The Austrian Language Project (T-ALP) aims to improve automatic speech recognition of Austrian German. Specifically, it focuses on Austrian German as it is typically spoken in the media such as TV and radio as well as podcasts but, at least at present, does not try to cover the wide dialectal and sociolectal variety of German spoken in Austria. The project was presented at the conference Building a European Cultural Backbone (ECB2022) at the Stadtwerkstadt in Linz, Austria.
I initially became involved in this project when I met Alexander Baratsits, one of the founders of the Cultural Broadcasting Archive (CBA). The CBA aims to promote freedom of expression, media diversity and digital communication by providing free access to a large continuously growing archive of podcasts hosted via independently operated technical infrastructure. There are currently over 140,000 audio contributions in around 50 languages available on the platform, but a large amount of it is spoken in German as it is spoken in Austria.
Adding automatic speech recognition to the platform would enable discovery and recommendation capabilities to users. In addition, recent legislation aimed at improving accessibility requires broadcasters to provide subtitles. Most open-source speech recognition models (and to a large extent commercial ones as well) have difficulty transcribing Austrian German speech, as most models are developed using data from German speakers from Germany who typically use varieties of German which differ from those spoken in Austria on many linguistic levels and in terms of lexicon. In particular, named entities relevant to media discourse in Austria are typically not included in the speech recognition models' vocabularies and are therefore often substituted for other words.1
T-ALP's aim is therefore to collect a substantial amount of training data on the order of 1000 hours of transcribed speech to provide improved automatic speech recognition for Austrian German.
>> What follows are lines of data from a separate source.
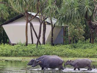 • Over 300 square kilometres of private concession is waiting to be discovered. The four distinct habitats are the floodplains and wetlands full of magpie geese and crocodiles, savannah woodlands inhabited by brumbies, buffalo, dingoes and wallabies, beautiful melaleuca forests, and the riverine environment. Explore with expert field guides via airboat, open-top safari drive, walking, quad bikes, and more.
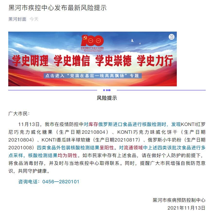 荔枝新闻讯 据“黑河封面”微信公众号消息,11月13日,黑河市在疫情防控中对库存俄罗斯进口食品进行核酸检测时,发现KONTI红罗尼巧克力威化糖果(生产日期20210804)、KONTI巧克力味威化饼干(生产日期20210804)、KONTI香瓜味半球软糖(生产日期20210817)、俄罗斯小牛奶粉(生产日期20201008)四类食品外包装核酸检测结果呈阳性。对流通领域中上述四类该批次食品进行多点采样,核酸检测结果均为阴性。如市民家中存有上述食品,请在做好个人防护的前提下,将食品消毒封存,并及时与当地疾控中心取得联系。同时,提醒广大市民增强自我防范意识,共同守护健康。
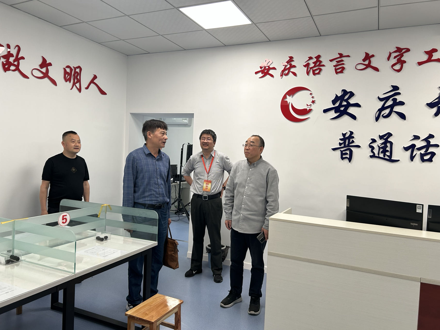 5月6日上午,安徽省普通话培训测试中心副主任单明、韩伟光老师一行到我校开展普通话水平测试站检查巡视工作。安庆市教体局语委办主任姚久大、安庆开放大学副校长、安庆市普通话水平测试站站长王佩捷和安庆开放大学副校长王付清随同陪行。
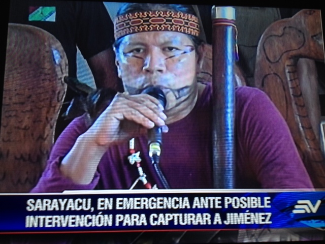 El pueblo Sarayaku se declara en emergencia ante una posible intervención para capturar a Cléver Jiménez, Fernando Villavicencio y Carlos Figueroa, sentenciados a prisión por injurias contra el presidente Rafael Correa.
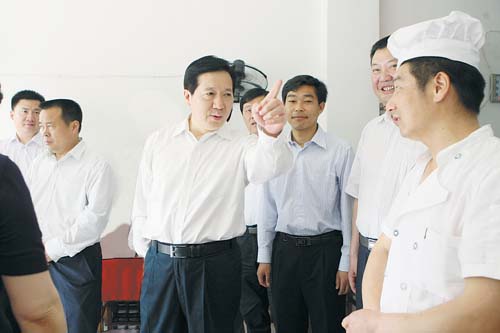 本报讯(记者 杨柳) “五小”门店整改达标不仅事关创卫能否成功,而且与居民的生活息息相关,是创卫工作的重点,也是难点。5月7日上午,冒着细雨,市委书记郭瑞民带领市直相关部门负责同志到浉河区民权办事处张李湾社区、湖东办事处三五八社区专项检查“五小”行业创卫工作。市领导张春香、朱继先、李水、曹茂明陪同检查。
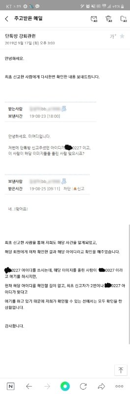 강퇴 당한 날은 8월 22일 마지막 메일을 보낸 날은 9월 18일인데 저는 아직도 어떠한 답장도 받지 못했고 쪽지 또한 계속 무시당하고 있는 상황입니다.
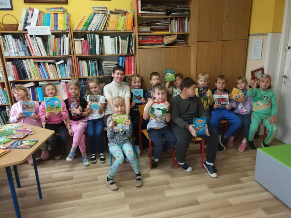 W środę 29 października najmłodsi uczniowie naszej szkoły stali się czytelnikami biblioteki szkolnej. Dzieci poznały zasady wypożyczania książek oraz postępowania z nimi. Z uwagą wysłuchały wierszyków o książkach, z ciekawością też obejrzały zaproponowane im tytuły książek dla najmłodszych czytelników. Głównym punktem spotkania było pasowanie na czytelnika, którego dokonała pani bibliotekarka, używając największej książki w bibliotece. Na zakończenie spotkania każde z dzieci wypożyczyło z biblioteki szkolnej swoją pierwszą książkę. Niech ta przygoda czytelnicza trwa wśród dzieci jak najdłużej!
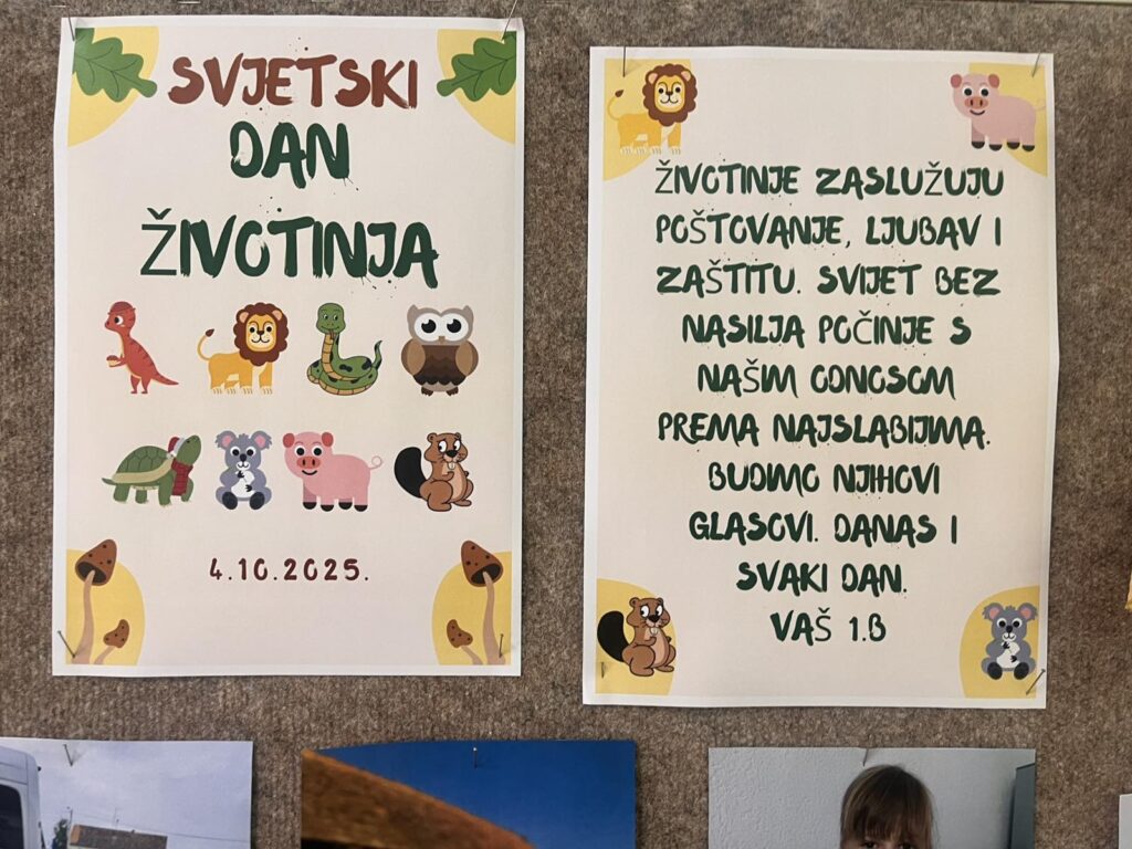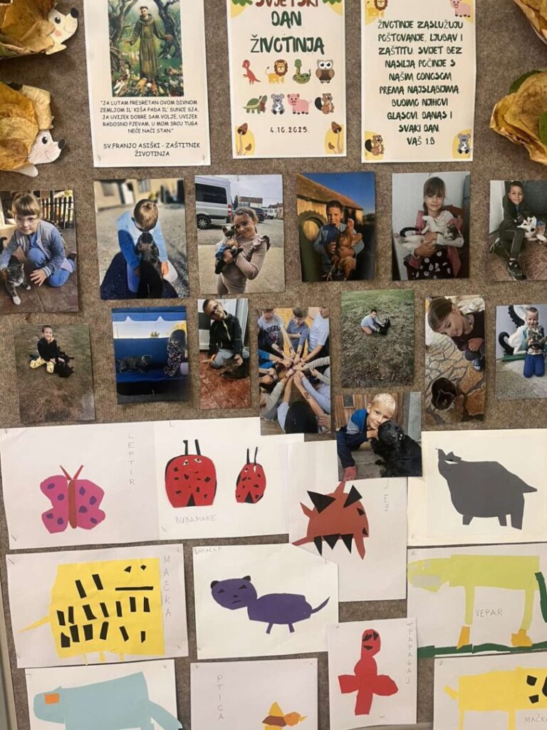 Danima smo obilježavali ovu svečanost slušajući životinjske priče, rješavajući raznorazne nastavne listiće o životinjama te razgovarali o našim kućnim ljubimcima i fotografirali se s njima. Izrađivali smo jesenskog ježa, slikali životinje kolaž papirom, tetovirali se i pjevali pjesmu o životinjama. Ističemo važnu poruku: „Životinje zaslužuju poštovanje, ljubav i zaštitu. Svijet bez nasilja počinje s našim odnosom prema najslabijima. Budimo njihovi glasovi. Danas i svaki dan.

Two main data sources were identified:
- Broadcast film and radio footage with subtitles
- Recordings of sessions of the Austrian Parliament with stenographic (shorthand) transcriptions
Using footage from broadcast TV and radio and their subtitles for model training has the advantage that the conditions more closely match those of the kind of media the CBA is trying to apply the resulting models on; however, since the footage and subtitles are owned by different legal entities with differing priorities and incentives, it is not straightforward to use them for training a model.2
Sessions of the two chambers of the Austrian Parliament, Nationalrat and Bundesrat, are recorded and available to the public via the online MediaThek for sessions held from mid 2019 onwards. According to the terms, the directorate of the parliament owns the rights to these materials and grants their use for non-commercial purposes.
In an initial phase during the development of OpenAudioSearch, an open source full-text search engine with automatic speech recognition for podcasts, I developed resources to perform the following steps:
- Obtaining raw data from sessions of the Austrian Parliament.
- "Chunking", i.e., segmenting the often many hour long sessions and aligning them with the stenographic transcripts using the tools provided as part of the Kaldi toolkit.
- Training an automatic speech recognition model using Kaldi.
- Evaluate the accuracy of trained models on data.
These are available on Github under an open-source license.
- Low-frequency terms are a general problem in automatic speech recognition, not limited to Austrian German, but the issue is exacerbated due to the mismatch in training data and the data the model is being applied on. ↩
- The Austrian Broadcasting Corporation ORF, the Austrian national public broadcaster, has a lot of raw material from its productions going back many decades, but due to its organizational structure, it does not necessarily own the subtitles produced for its programs. ↩